The development of high-catalytic-activity anode materials with carbon tolerance is an important research undertaking for the successful application of intermediate-temperature solid oxide fuel cells (IT-SOFCs). Herein, a novel anode material capable of in-situ exsolution of nanoparticles, Sr_1.95Fe_1.4Co_0.1Mo_0.5O_6-δ (SFCoM), is designed and prepared from perovskite by a strategy combining A-site defect regulation and B-site doping. The electrocatalytic activity is greatly enhanced by the in-situ exsolved Co nanoparticle. The maximum power densities of a single cell with Co@SFCoM as the anode are 1.01 and 0.79 W cm⁻² when H₂ and C₃H₈, respectively, are used as the fuel at 750 °C. In addition, the Co@SFCoM anode exhibits excellent carbon-deposition resistance due to the synergistic effect of the Co nanoparticles and perovskite backbone. When C₃H₈ is used as the fuel, the anode material long-term operational stability over 200 h without performance degradation. Thus, our methodology represents a promising material design strategy for developing high-performance IT-SOFC anodes.

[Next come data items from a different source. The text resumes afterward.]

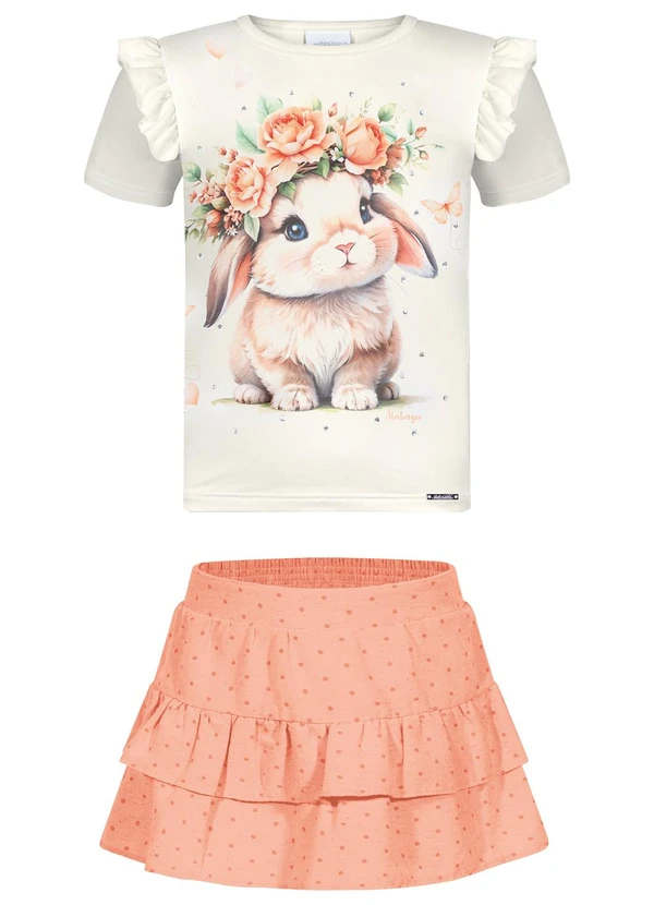 Alakazoo - Conjunto com Shorts Saia e Blusa Laranja
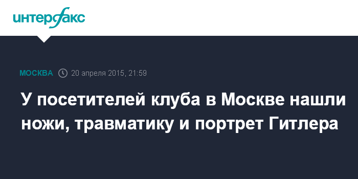 У посетителей клуба в Москве нашли ножи, травматику и портрет Гитлера
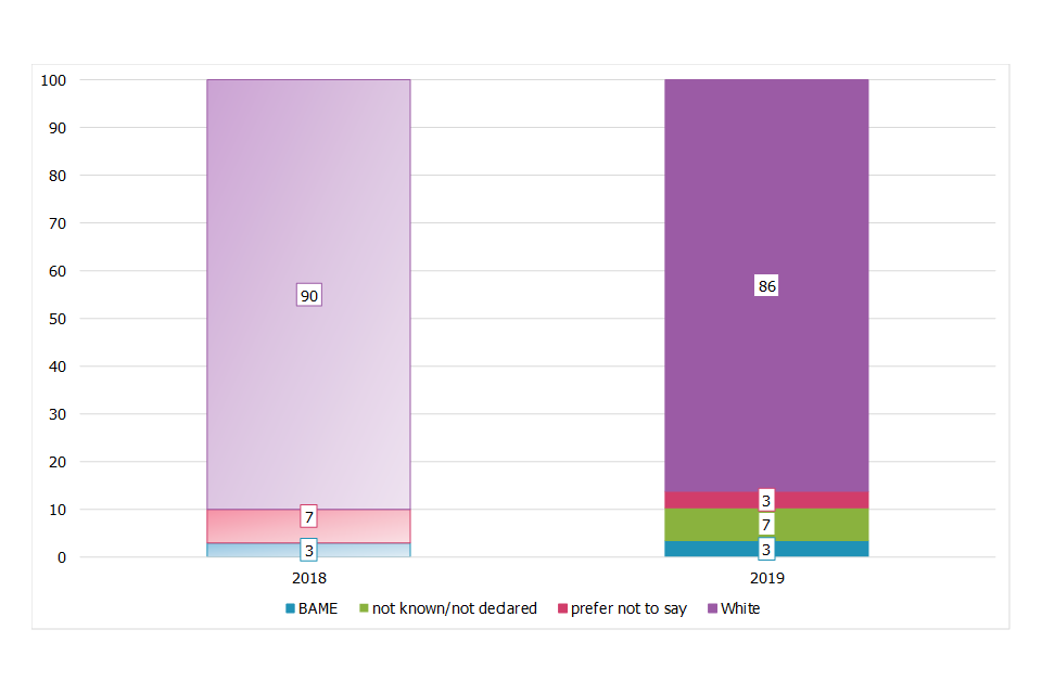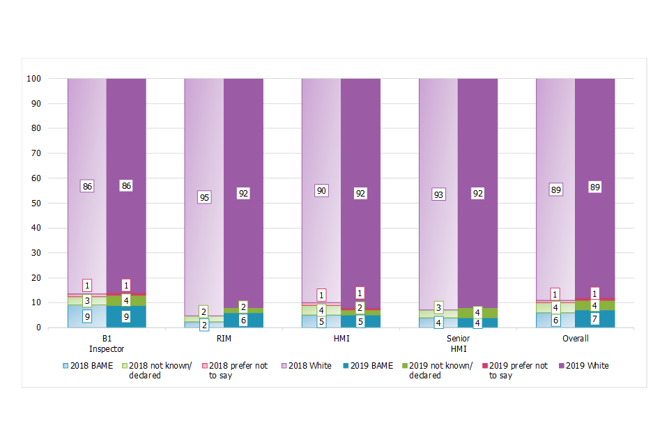 For example, although the percentage of black and minority ethnic (BAME) staff in Ofsted overall is higher than the Civil Service average, the figures for our inspector grades continue to be lower. This reflects the limited diversity in leadership positions in the sectors from which we recruit. To help tackle this, we have continued an inspection shadowing programme for BAME middle leaders who aspire to become Her Majesty’s Inspectors (HMI). This year, we have introduced similar initiatives to attract more contracted Ofsted Inspectors (OIs) from diverse backgrounds.
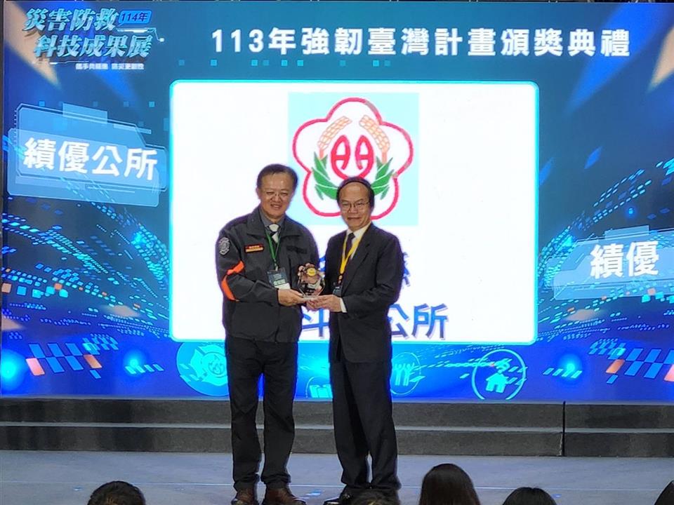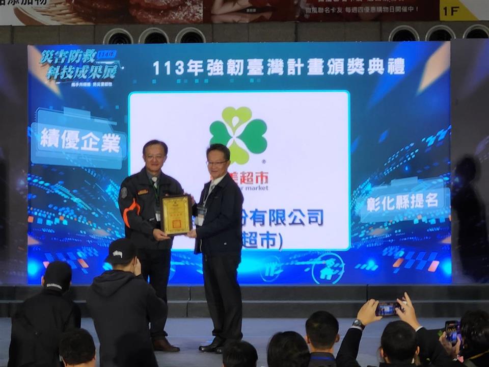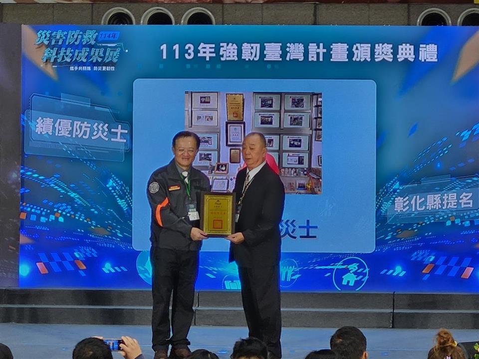 彰化縣災害防救績優團隊,於114年底前往台北車站多功能展演廳接受表揚。獲獎績優單位包含北斗鎮公所、績優企業金喜美股份有限公司、績優韌性社區北斗鎮中寮社區,以及卓越表現的防災士代表秀水鄉馬興村范鎱楨,由內政部消防署蕭煥章署長親自頒獎,肯定本縣多年來持續努力的成果。
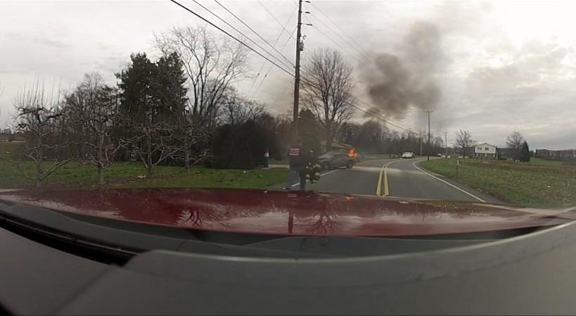 Δραματικό βίντεο διάσωσης οδηγού ΙΧ από εθελοντή πυροσβέστη στην Πενσιλβάνια των ΗΠΑ. Ο Νέιτ Τρέισι, μέλος της ομάδας «Φάιρ Κόμπανι» (Fire Company), εμφανίζεται να τρέχει προς ένα όχημα που έχει προσκρούσει σε μεταλλικό στύλο και φλέγεται.
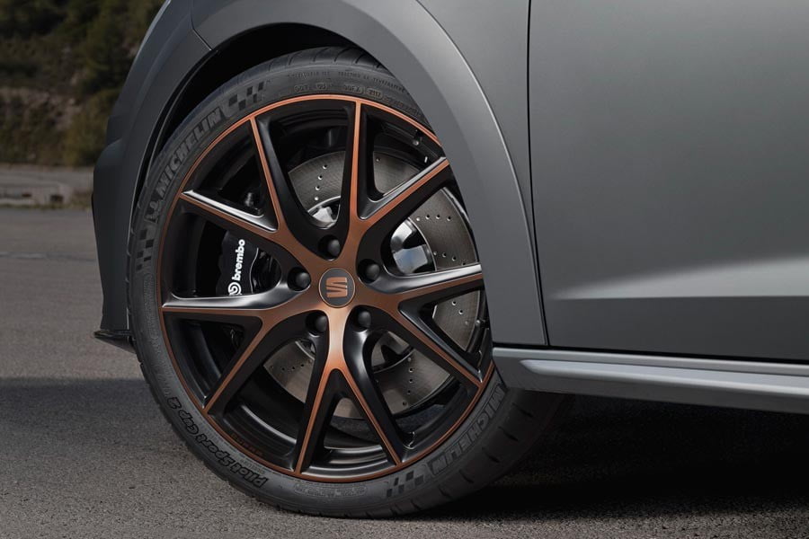 Εξωτερικά, το κορυφαίο Leon ξεχωρίζει από το carbon εμπρόσθιο σπόιλερ, την επίσης ανθρακονημάτινη πίσω αεροτομή, τις νέες πλαϊνές ποδιές, τον πίσω διαχύτη, τα καπάκια καθρεπτών στο χρώμα του χαλκού (όπως και το σήμα) και τους τονισμένους θόλους των τροχών, που φιλοξενούν τις νέας σχεδίασης ζάντες αλουμινίου των 19 ιντσών.
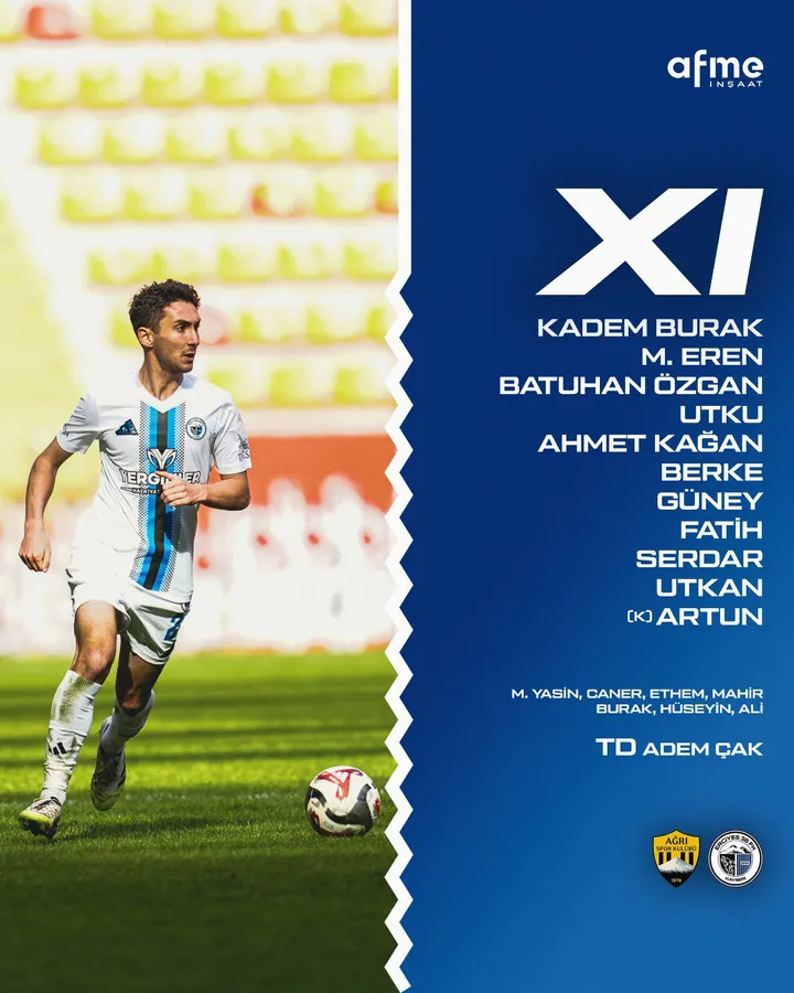 Türkiye Futbol Federasyonu 3. Lig 2. Grup karşılaşmasında Erciyes 38 FK, deplasmanda Ağrı 1970 ile karşı karşıya gelecek. Vali Lütfü Yiğenoğlu Stadyumu’nda oynanacak mücadele öncesinde mavi-siyahlı ekibin ilk 11’i açıklandı.
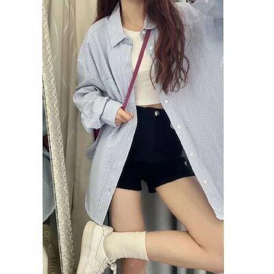 2025 春 夏 シャツ レディース ブラウス ブルーストライプシャツ シャツ インナー トップス 韓国ファッション
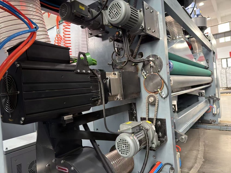 1).It adopts imported ceramic anilox cylinders and Taiwanese doctor blade system, paired with a high-quality closed ink chamber, ensuring uniform ink distribution and stable printing.The doctor blade gap is pneumatically controlled with precise fine-tuning, enabling quick adjustment and blade replacement, greatly improving job change efficiency. A bidirectional diaphragm pump provides automatic ink supply, with the ink volume synchronously matched to the main machine.The chamber structure is designed for easy and rapid cleaning, effectively reducing water-based ink consumption, with simple maintenance and high cleaning efficiency.
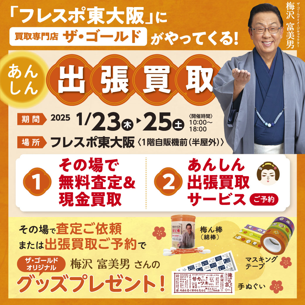 その場で査定をご依頼・出張買取をご予約いただいたお客さまに、「梅沢富美男さんのオリジナルグッズ」をプレゼントいたします。数に限りがありますので、ぜひお早めにご利用ください。
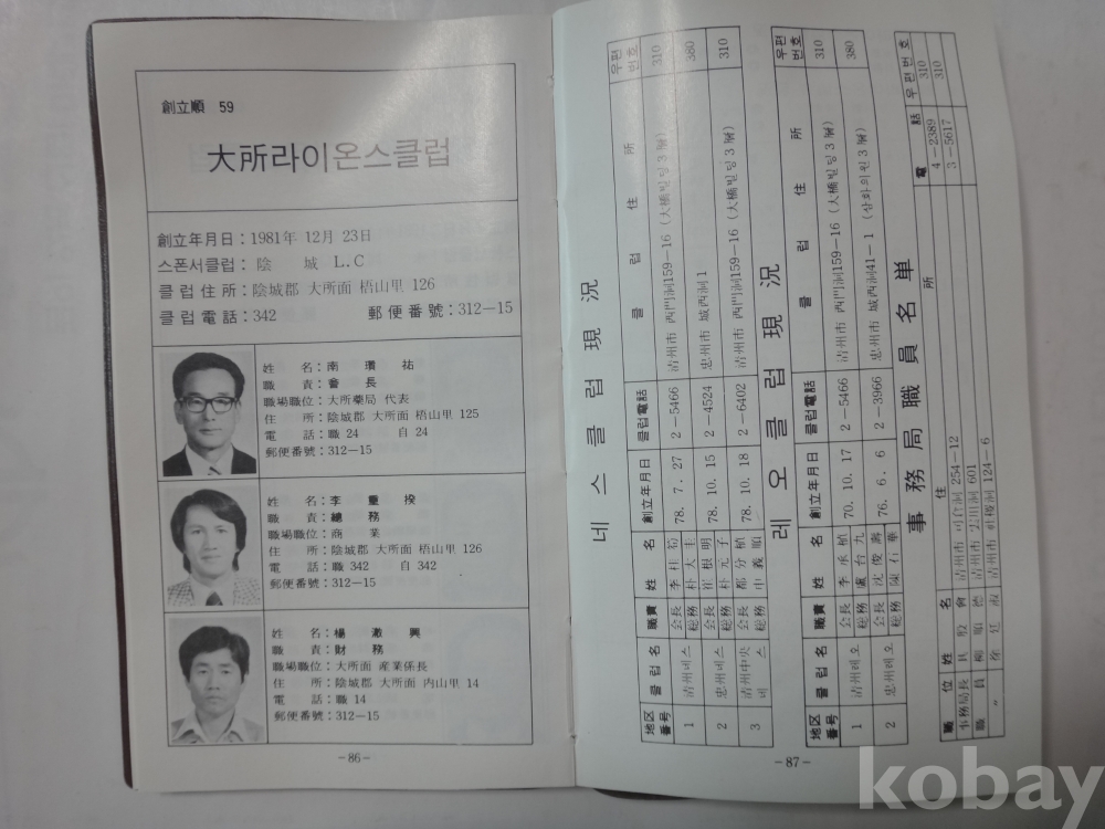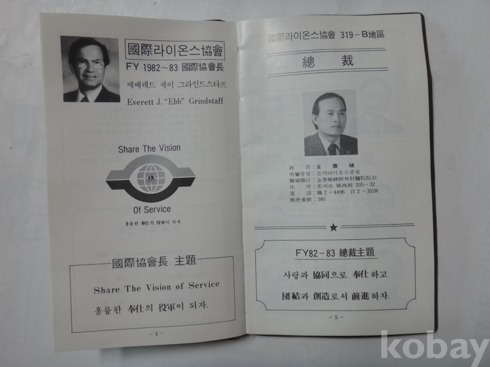 국제라이온스협회 319-B 지구 - 임원수첩 (FY82-83)
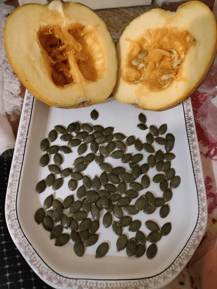 Anul asta am pus cateva fire de dovleac cu seminte fara coaja, soiul acela folosit special pentru obtinerea uleiului deoarece semintele fiind fara coaja lemnoasa sunt mult mai usor de procesat. Nu, nu am vrut sa obtin ulei, doar sa am ceva de rontait 🙂
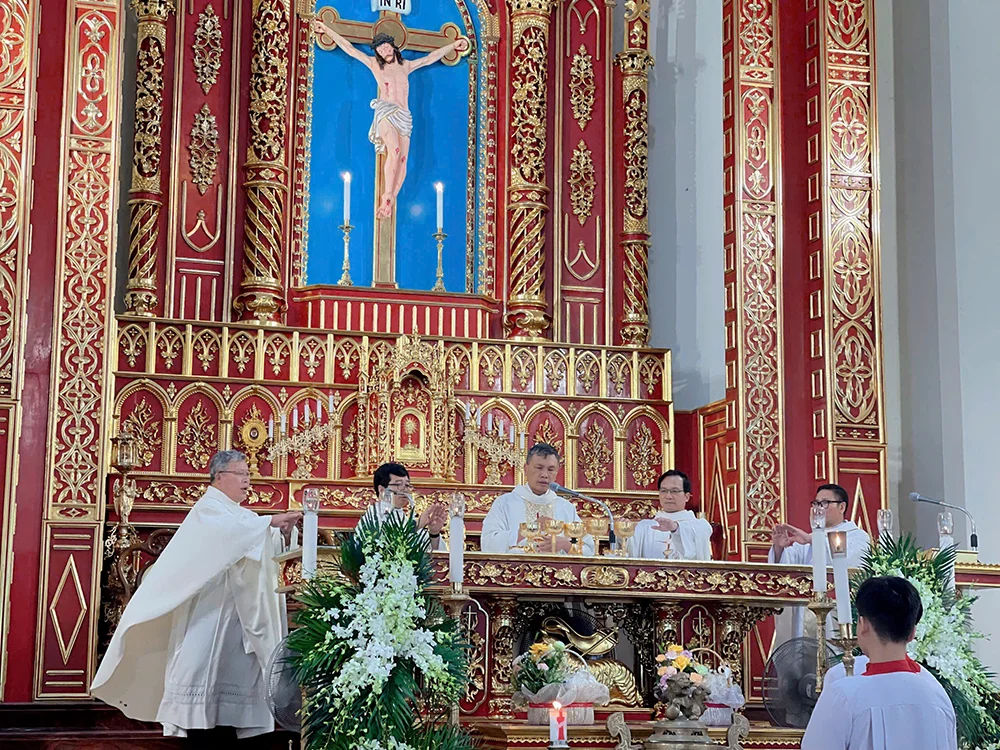 Cao điểm của ngày hành hương là Thánh lễ tạ ơn. Thánh lễ đồng tế trọng thể hôm nay được cử hành do cha Phêrô Vêrôna Chu Quang Hoà – Quản hạt Vĩnh Phúc chủ sự.
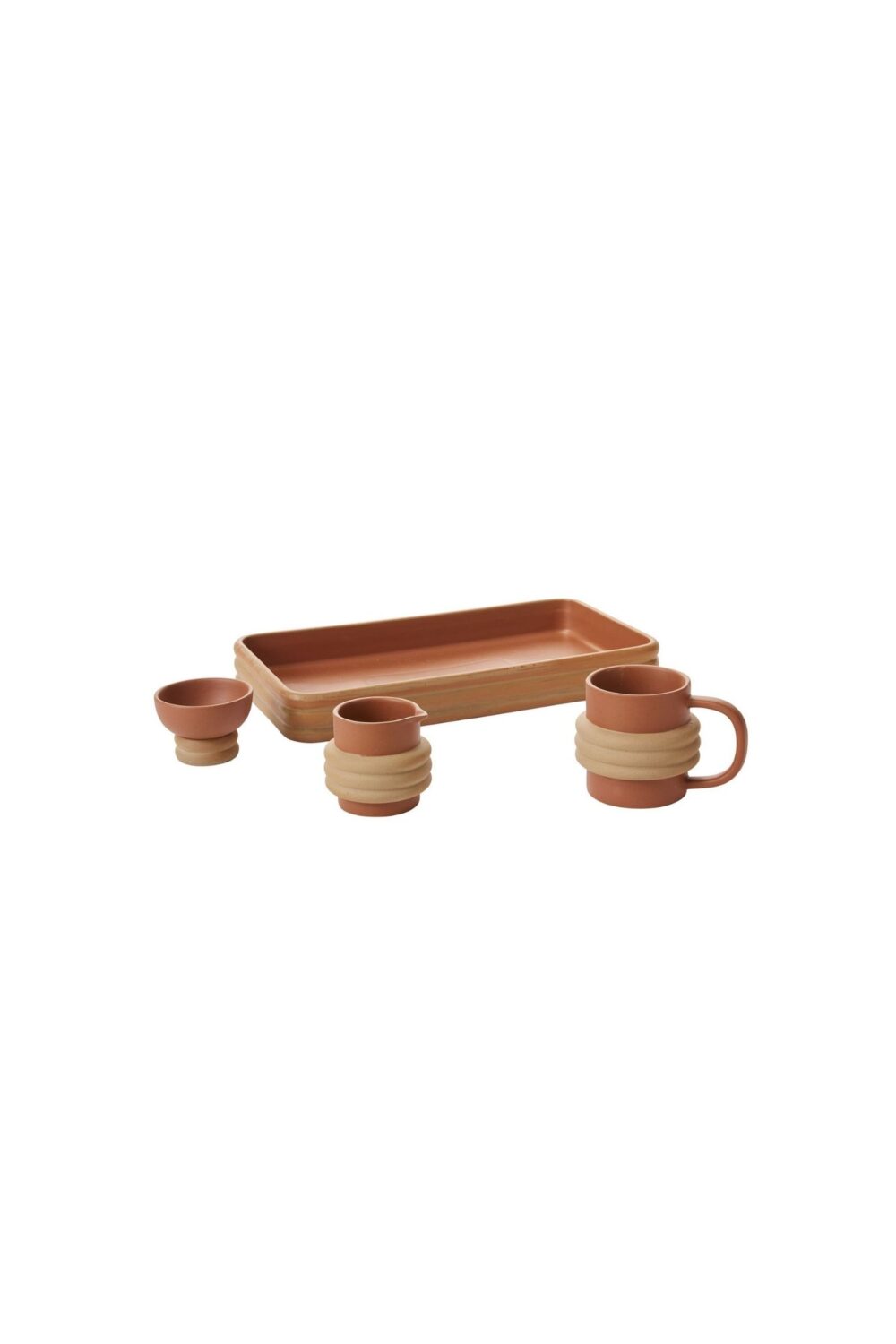 Las curvas enrolladas de terracota color canela sobre la jarra Anillo de arcilla moteada, apta para alimentos, añaden una calidez rústica y moderna de mediados de siglo a la decoración. Úselo para café, crema o flores y combÃnelo con otras piezas de Anillo Collection para obtener un elegante arreglo para servir.
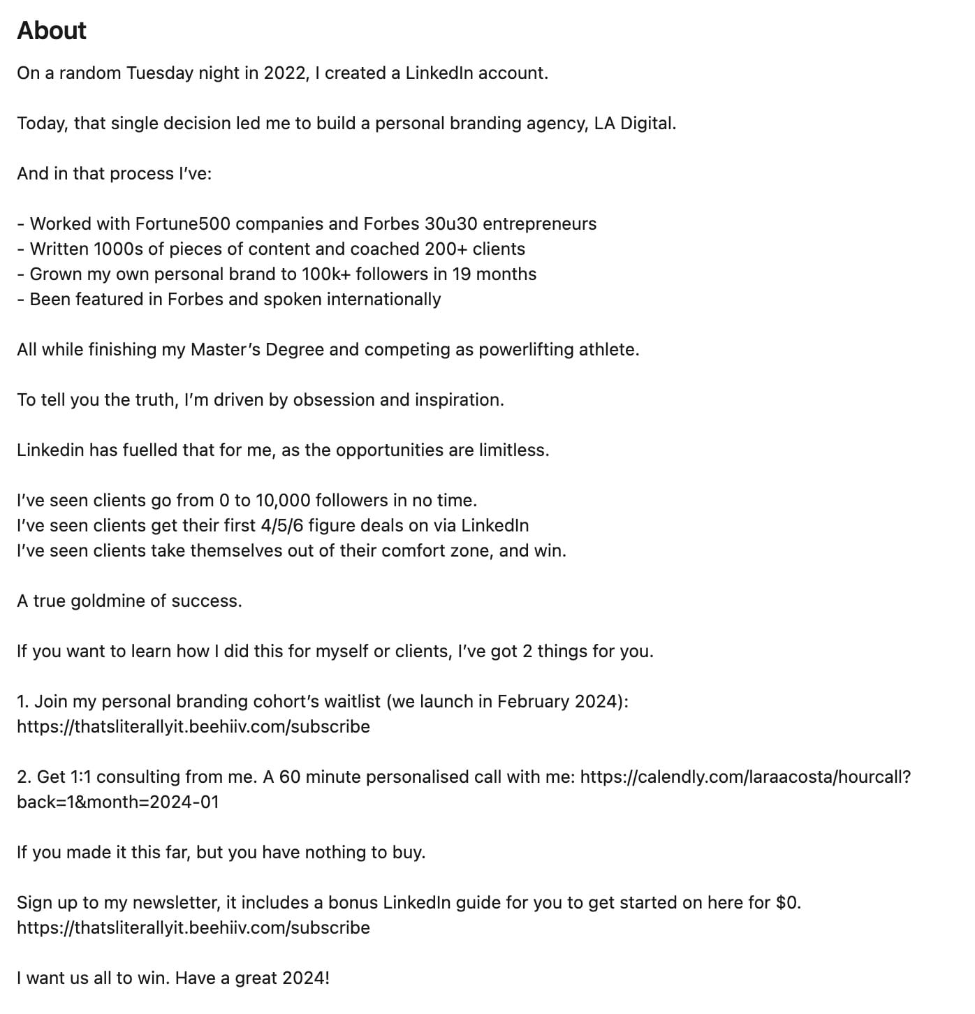- Write a helpful and detailed profile summary: Your profile summary is where you can share more about your experiences, expertise, and interests. It's also a space to share your personal or business vision. Use it to tell the story of your career journey and why someone should follow you or engage with your content. Feel free to also leave a call-to-action – an offer for a coffee chat is my preferred CTA.

开发具有碳耐受性的高催化活性负极材料是成功应用中温固体氧化物燃料电池（IT-SOFC）的重要研究工作。本文以钙钛矿为研究对象，通过结合A位缺陷调控和B位的策略，设计并制备了一种能够原位释放纳米粒子的新型阳极材料Sr _1.95 Fe _1.4 Co _0.1 Mo _0.5 O _6- δ（SFCoM）。掺杂。原位溶解的Co纳米粒子大大提高了电催化活性。当H ₂和C ₃ H时，以Co @ SFCoM为阳极的单个电池的最大功率密度为1.01和0.79 W cm ^-2。分别在750°C下使用_8个作为燃料。另外，由于Co纳米颗粒和钙钛矿主链的协同作用，Co @ SFCoM阳极表现出优异的抗碳沉积性能。当C ₃ H ₈用作燃料时，负极材料在200小时内的长期运行稳定性不会降低性能。因此，我们的方法论代表了开发高性能IT-SOFC阳极的有前途的材料设计策略。